What Makes Him Inconsistent?[]

  • He has a on and off negative personality:
    • He is extremely immature, mischievous, selfish, pessimistic and condescending (even despite some of it being portrayed comedically).
    • He refuses to see his patients unless necessary or he finds something interesting, and even then, he is often very rude and dismissive to them (especially to religious patients).
    • Despite his desire for the patient’s best possible outcome, House often dehumanizes people in the process and views them intrinsically.
    • He can be very callous and cruel. When he was detoxing he shouted that Cuddy would make a terrible mother, knowing Cuddy previously failed to get pregnant. Another time, he sarcastically gave bad advice to a young soldier and refused to help the soldier dodge his draft so he could raise his daughter. This resulted in the soldier shooting himself in the foot and allowing the wound to be infected. Despite the soldier’s continued pleas, House still refused to help and the soldier ultimately allowed his whole foot to be amputated to dodge his draft.

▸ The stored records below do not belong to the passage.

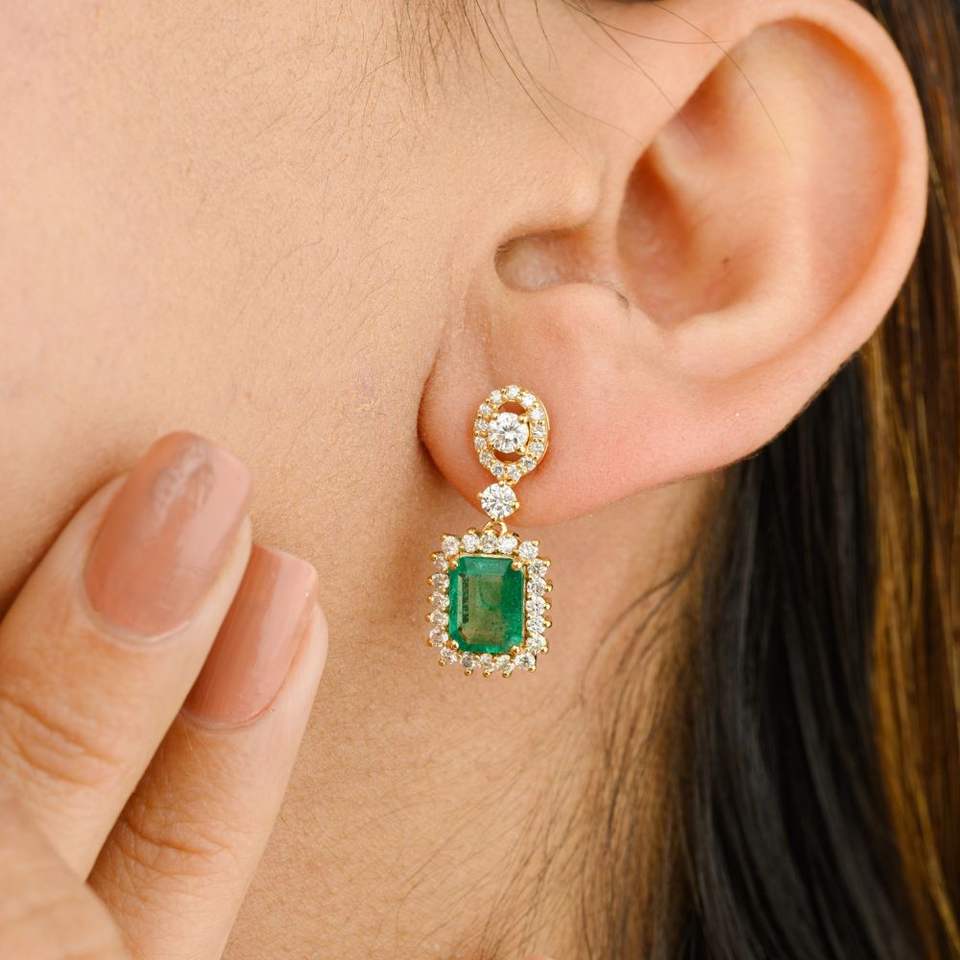 Best Selling Product of Octagon Shape Natural Emerald and Diamond Halo Dangle Earrings 18k Solid Yellow Gold Wholesale Jewelry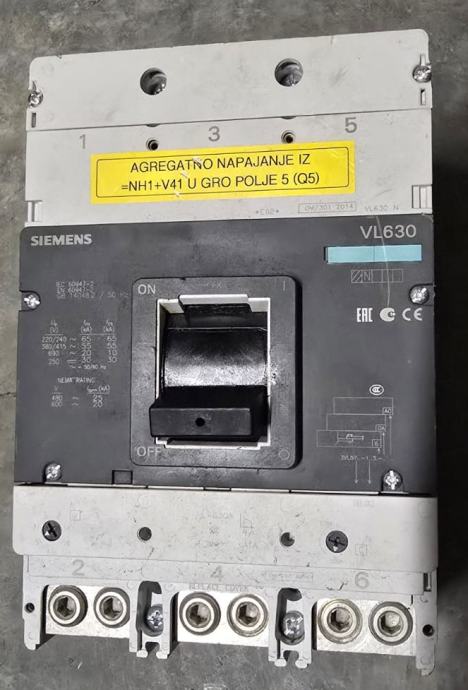 Prodajem industrijski automatski prekidač Siemens VL630, skidano iz ispravnog sustava.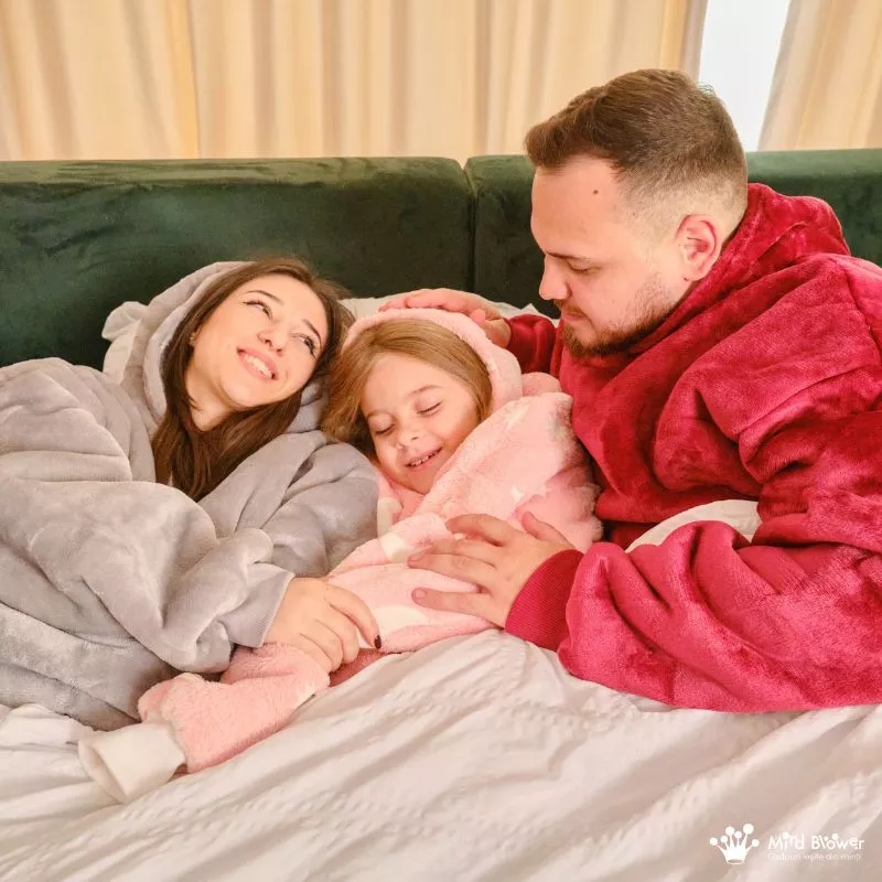 Fiecare hanorac patura cu maneci aduce o nota distincta de stil si afectiune, oferind o experienta unica de conectare pentru intreaga familie.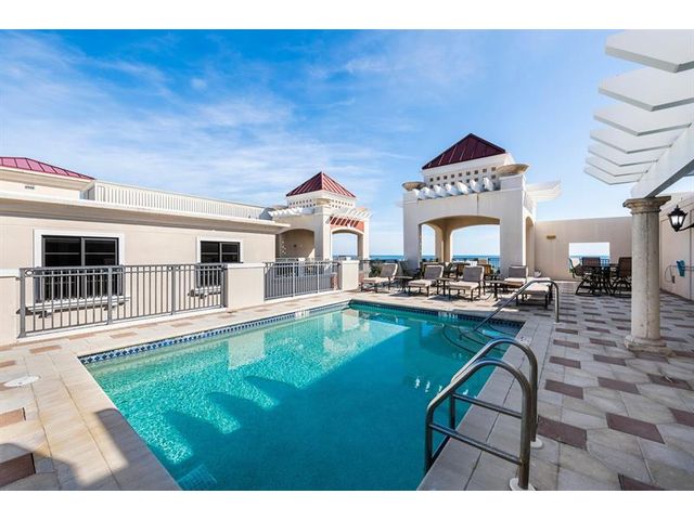 A genuine three-bedroom, 3.5-bathroom penthouse-level unit and one of the guest bedrooms provides an extra space suitable for a home office, ensuring versatility to meet various needs. Residents will enjoy impressive views of the ocean and the Intracoastal Waterway, along with convenient access to the beach. Recently refreshed, the sizeable open kitchen is a chef’s dream, equipped with plentiful cabinets and a convenient pantry. Spacious bedrooms come with generous closets. The lovely east-facing balcony is ideal for outdoor dining. With two covered garage spaces steps from your elevator, you’ll enjoy easy access without the hassle of a lobby & only shared with three units. Amenities include a rooftop pool and a fitness center, making this unit an unbeatable choice for your next home.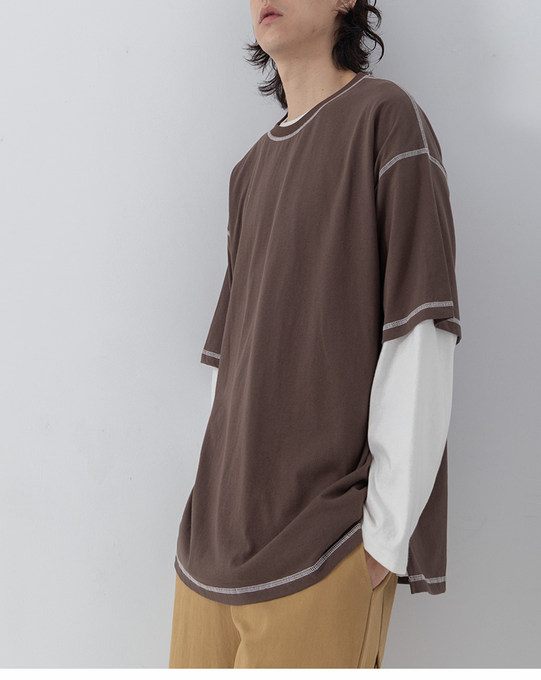 撞色壓線造型寬版上衣 四色售 S/M/L/XL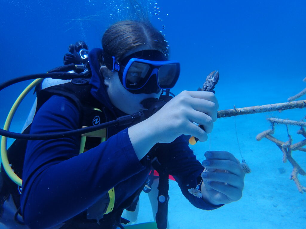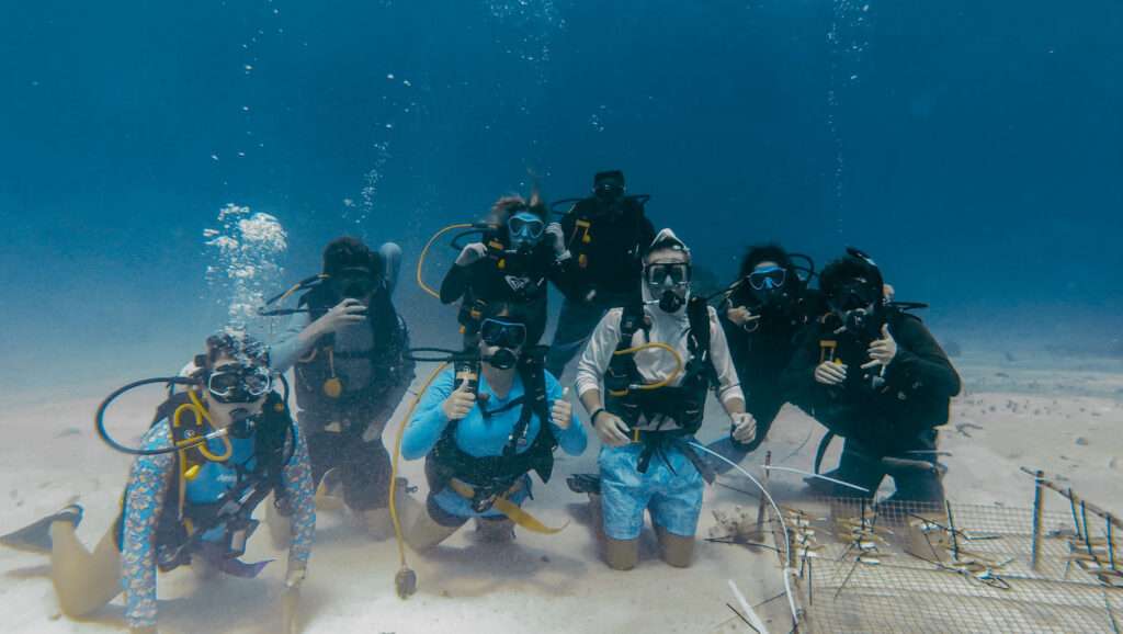 Figure 1: Semester students learning about ocean-based coral nurseries (left), how to propagate the corals (middle), and how to maintain the mid-water structures where corals are growing.
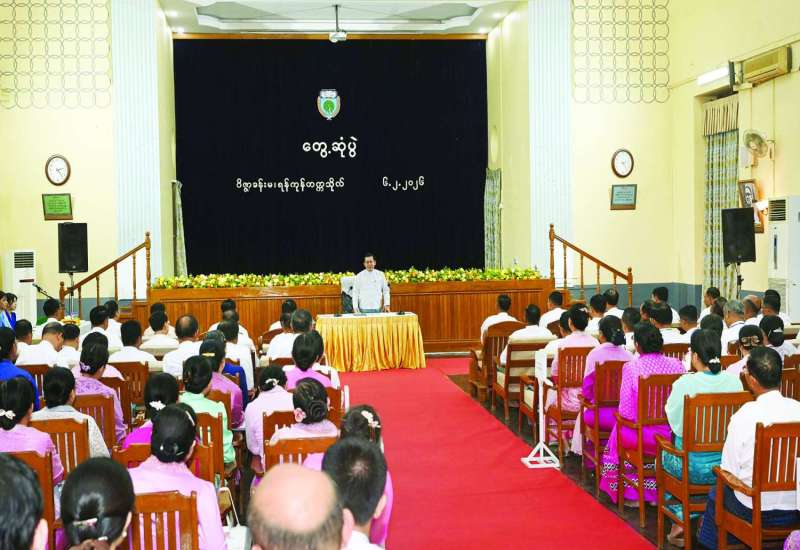 ပြည်ထောင်စုသမ္မတမြန်မာနိုင်ငံတော် ယာယီသမ္မတ နိုင်ငံတော်လုံခြုံရေးနှင့်အေးချမ်းသာယာရေးကော်မရှင်ဥက္ကဋ္ဌ ဗိုလ်ချုပ်မှူးကြီး မင်းအောင်လှိုင်သည် ဝန်ကြီးဌာနအသီးသီးရှိ တက္ကသိုလ်၊ ဒီဂရီကောလိပ်များမှ ပါမောက္ခချုပ်များ၊ ကျောင်းအုပ်ကြီးများ၊ ပါမောက္ခများနှင့် ဆရာ၊ ဆရာမများအား ယနေ့မွန်းလွဲပိုင်းတွင် ရန်ကုန်တက္ကသိုလ်၊ ဝိဇ္ဇာခန်းမ၌ တွေ့ဆုံအမှာစကားပြောကြားသည်။

    • He can be extremely vindictive and petty. He stalked Weber's career for 20 years to get revenge on weber getting House expelled for cheating. When Wilson steals House’s guitar until he hires a new team of employees, House "relocates" Wilson’s patient until he returns the guitar. He drove his car through Cuddy’s dining room after she broke up with him and started dating another guy (fortunately no one was in the dining room at the time).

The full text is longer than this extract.